What usage patterns have I not realized? Why are those parameters missing in the other searches?
Can someone else look at their own search data and report back?
(Aside: no doubt Google's live search dramatically changes this, as every keystroke seems to refresh the search results. I'll bet button use in that context plummets.)
I mean, any one.
Usually the search box has an attached button with a magnifying glass.
But, as the user most of the times has her hands in the keyboard (not in the mouse), the search artifact also honors the enter key when the focus in in the search box.
Some users will not dare keying enter and would go for the safe button click.
So offering both options is customary.
It would be interesting, especially to measure it against other things such as demographics. I suspect the results would be well correlated with demographics, which might mean you could make a reasonable guess if you knew your audience.

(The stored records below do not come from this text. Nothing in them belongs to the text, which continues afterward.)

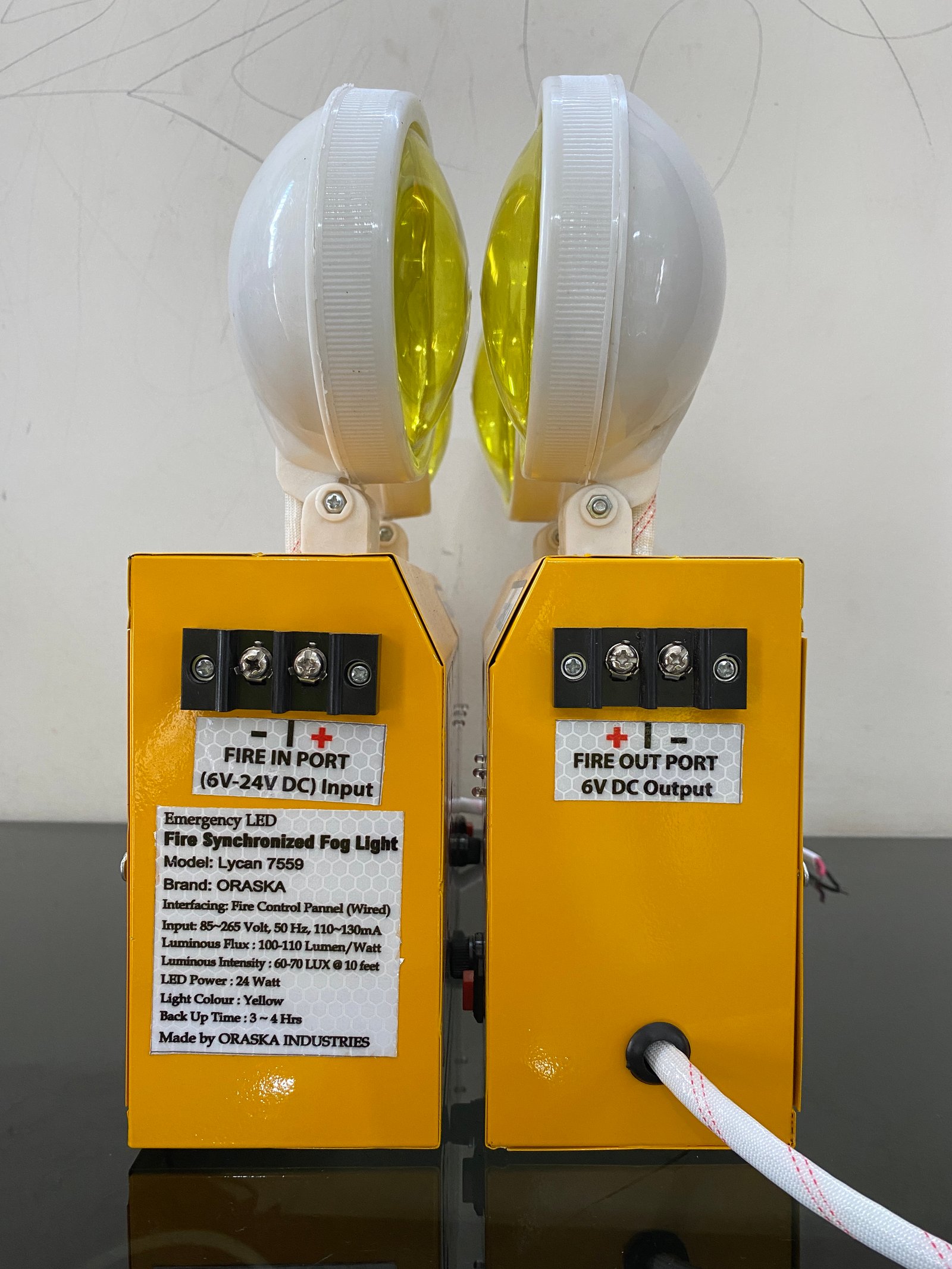 Fire Panel Connected Emergency Fog Light ORASKA Lycan7559 with Fire In & Out Port Made in Bangladesh worlds best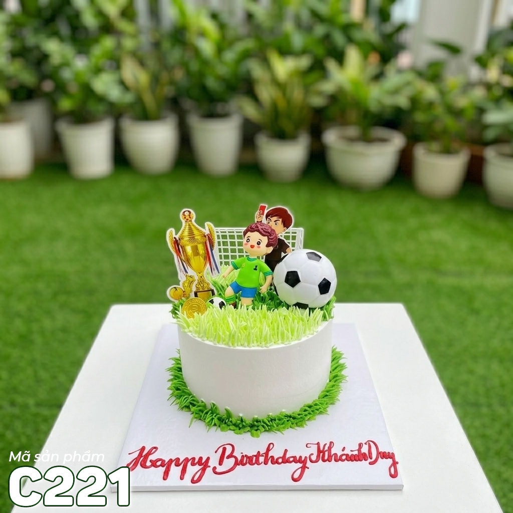Bánh kem mini C221 chủ đề bóng đá sân cỏ năng động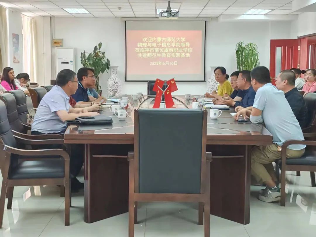 副院长那日苏、电子系主任梁学军老师一行4人到呼和浩特市商贸旅游职业学校看望电子信息科学与技术职教师范专业第一届实习学生,并与商贸旅游职业学校校领导、实习指导教师交流。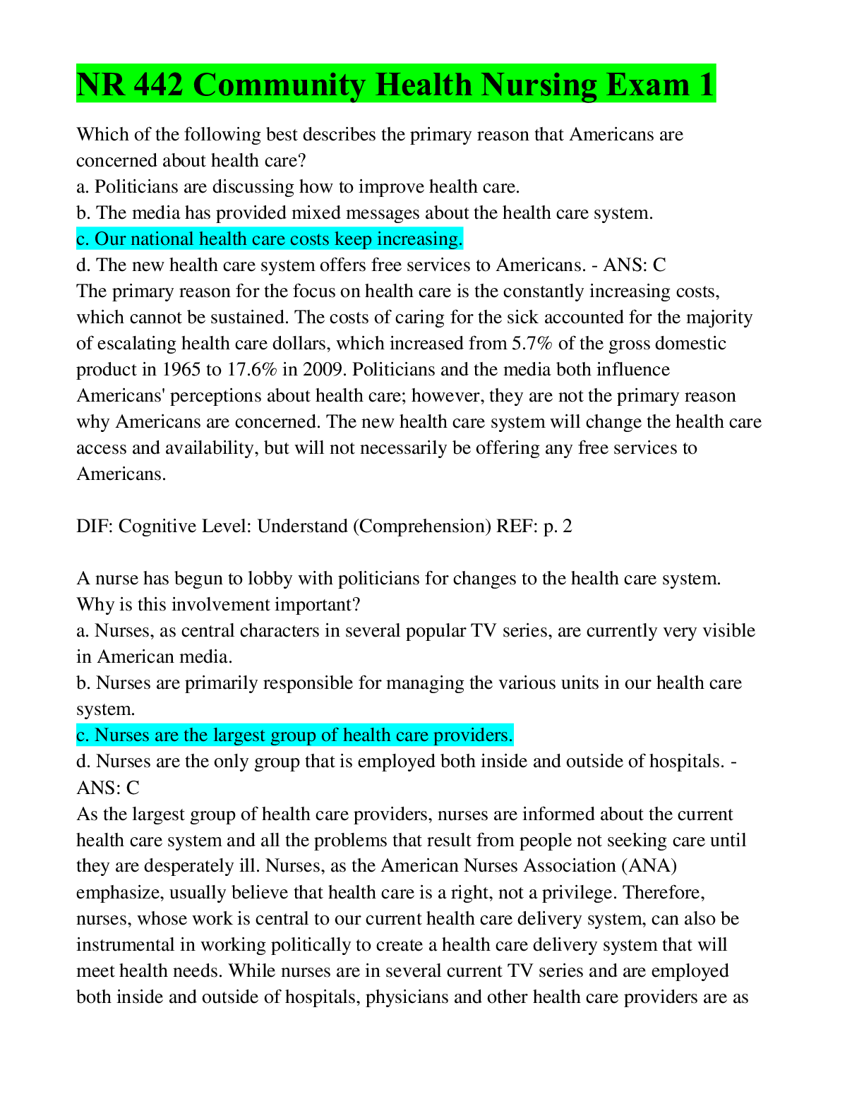 *NURSING > EXAM > NR 442 Community Health Nursing Exam 1(All Questions Answered), Latest Update (All)
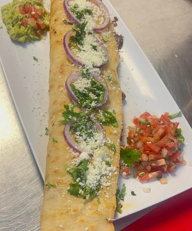 Double tortilla filled with beans, rice, meat of choice, sour cream, pico de gallo, and mixed cheese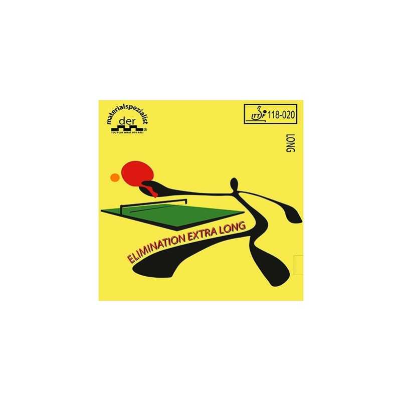 Con ELIMINATION EXTRA LONG, der-materialspezialist ha llegado al límite de lo permitido.Las estrictas regulaciones de la ITTF se han agotado por completo con este caucho disruptivo. El resultado es una goma de pico largo con un efecto disruptivo extremadamente alto y valores de rotación muy altos. ELIMINATION EXTRA LONG se puede usar tanto para un juego de bloqueo disruptivo cerca de la mesa como para un juego defensivo clásico fuera de la mesa.ELIMINATION EXTRA LONG: ¡Destruye a tu oponente!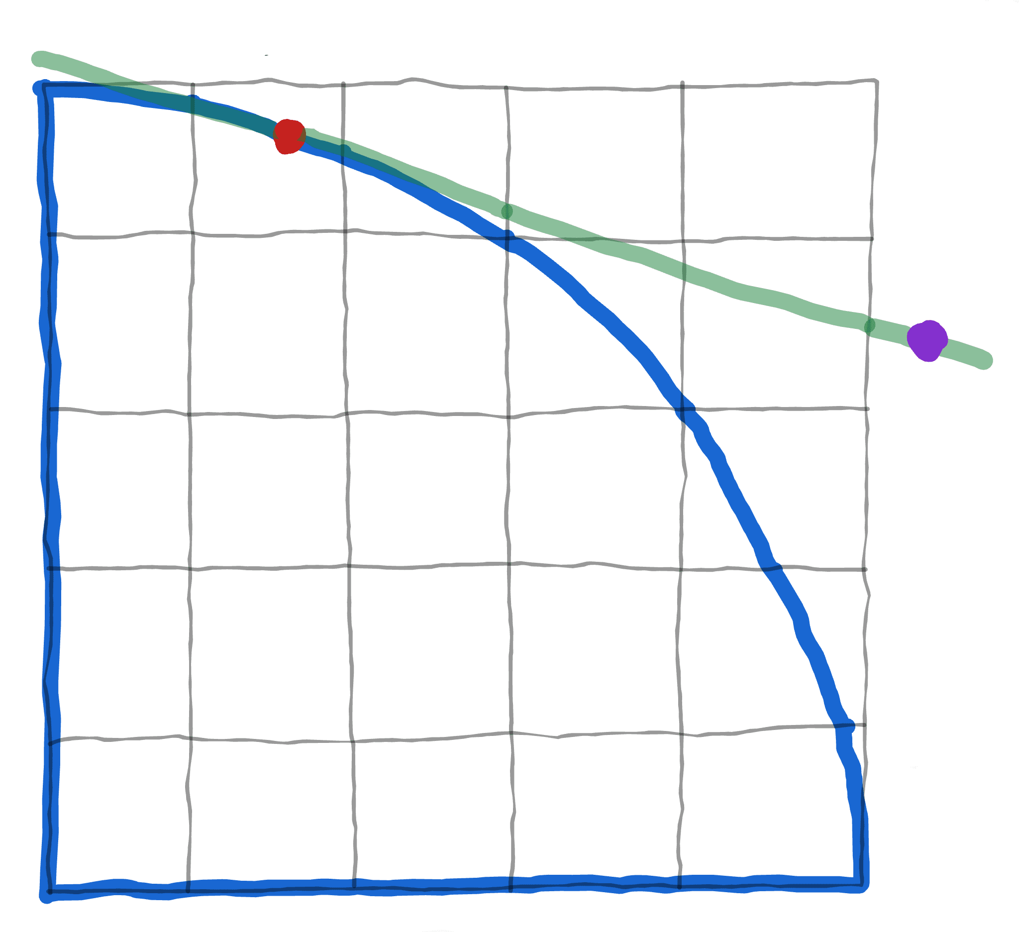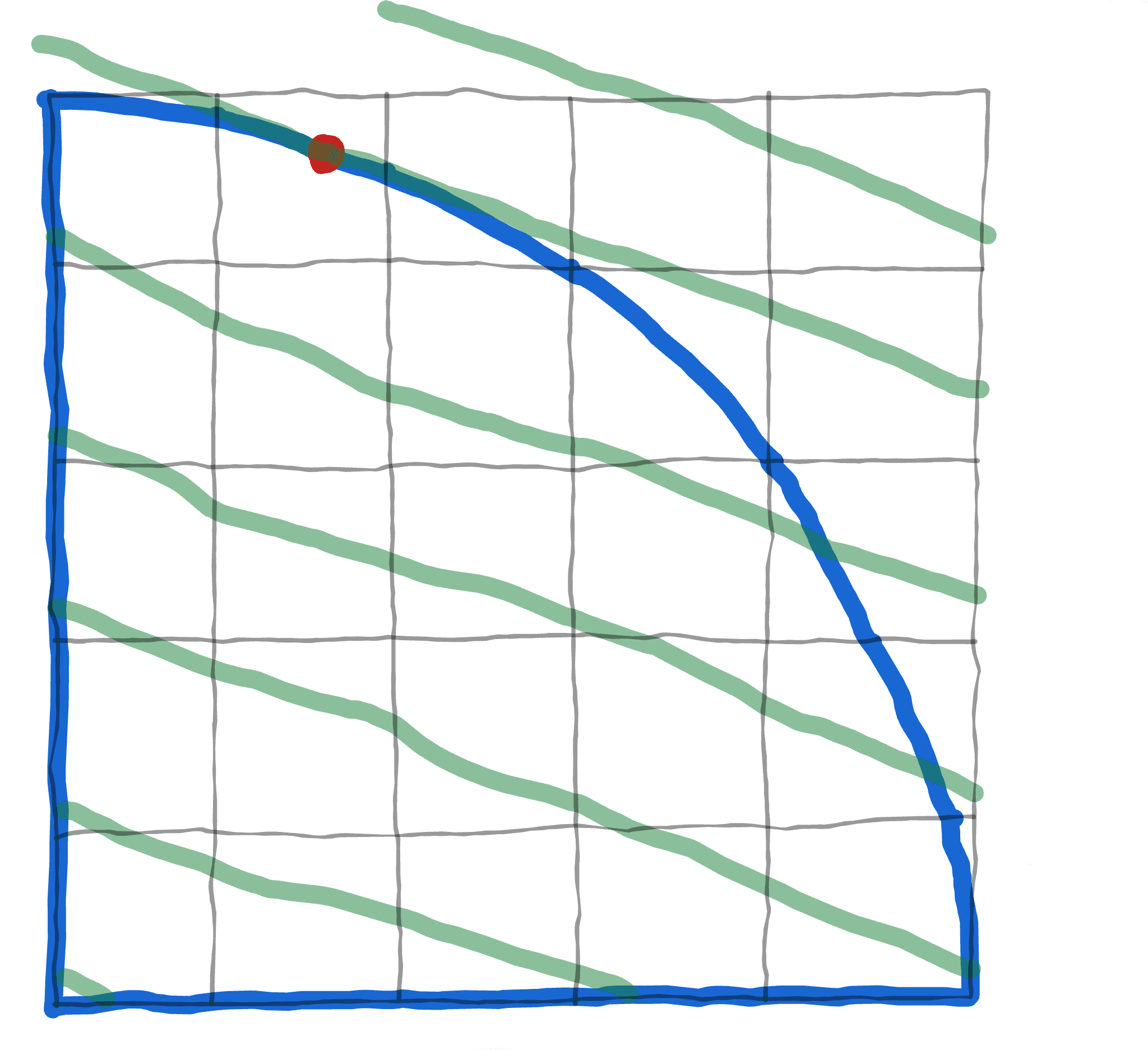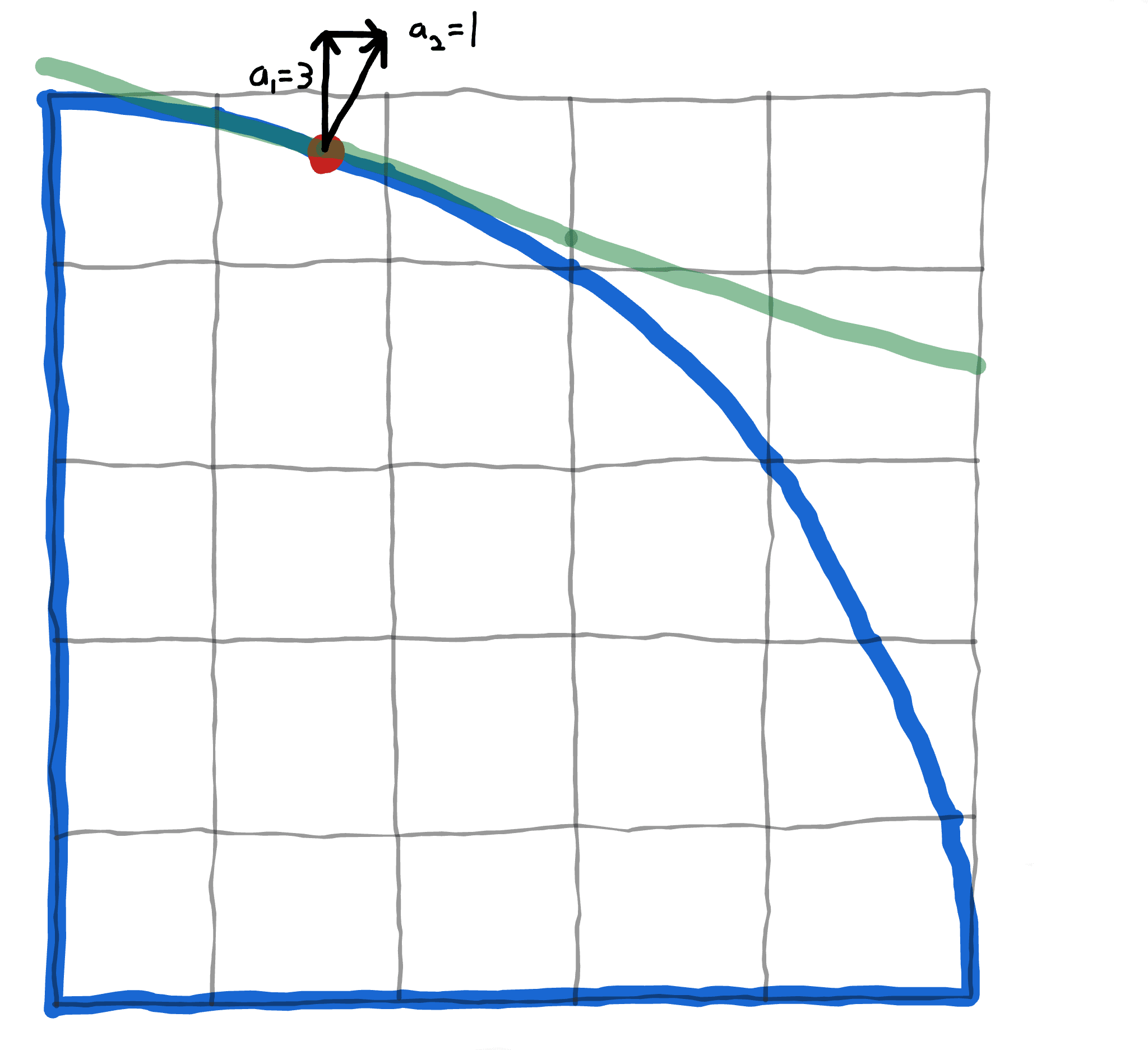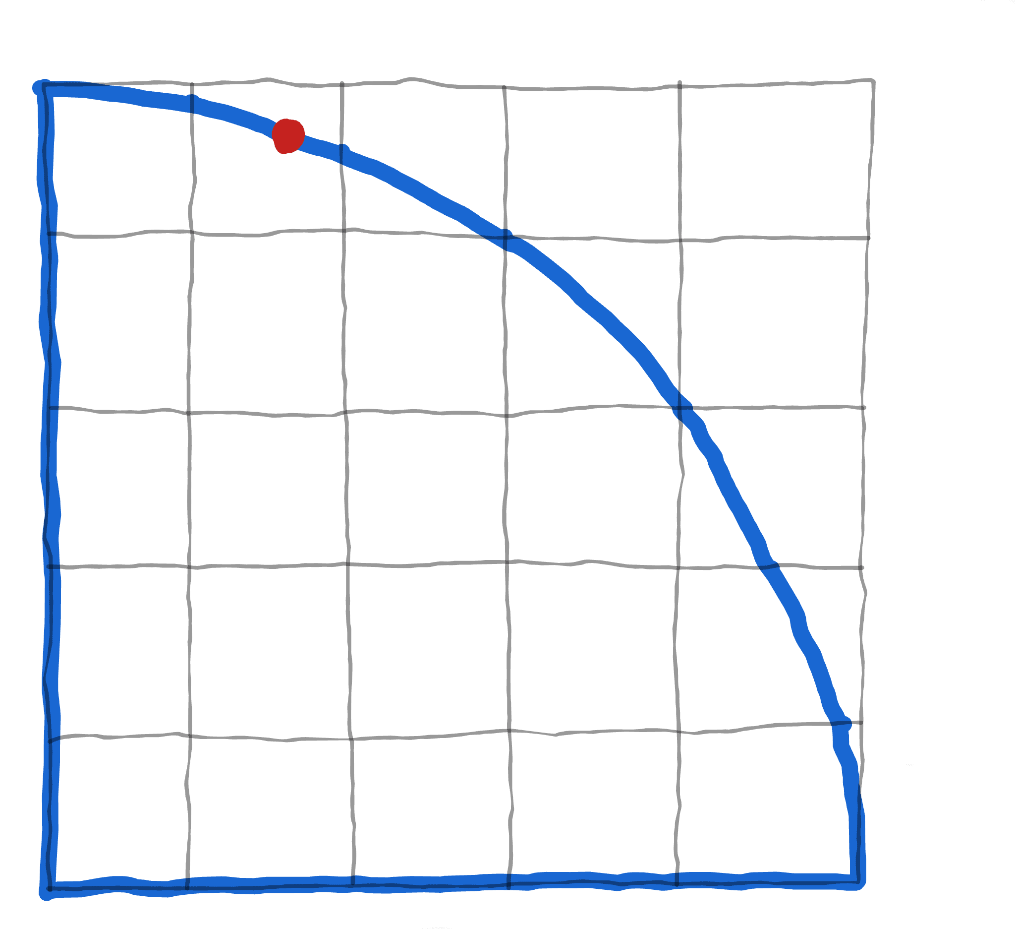 But, there's another completely different way of viewing this process! If we take our Pareto-frontier point and zoom way way in...

@BryanRobinson's comment on @MattObee's answer matches my experience having worked on designing systems for older people with little (or no) computer experience that novice users click, experienced users hit enter, hence my expectation that demographics will have a large impact.
As an aside, StackExchange's design without a button, just a field could be taken as a (probably quite accurate for this community) expectation that SE users are experienced users. It may be a bit less accurate for som other SE communities though, such as english.stackexchange.com.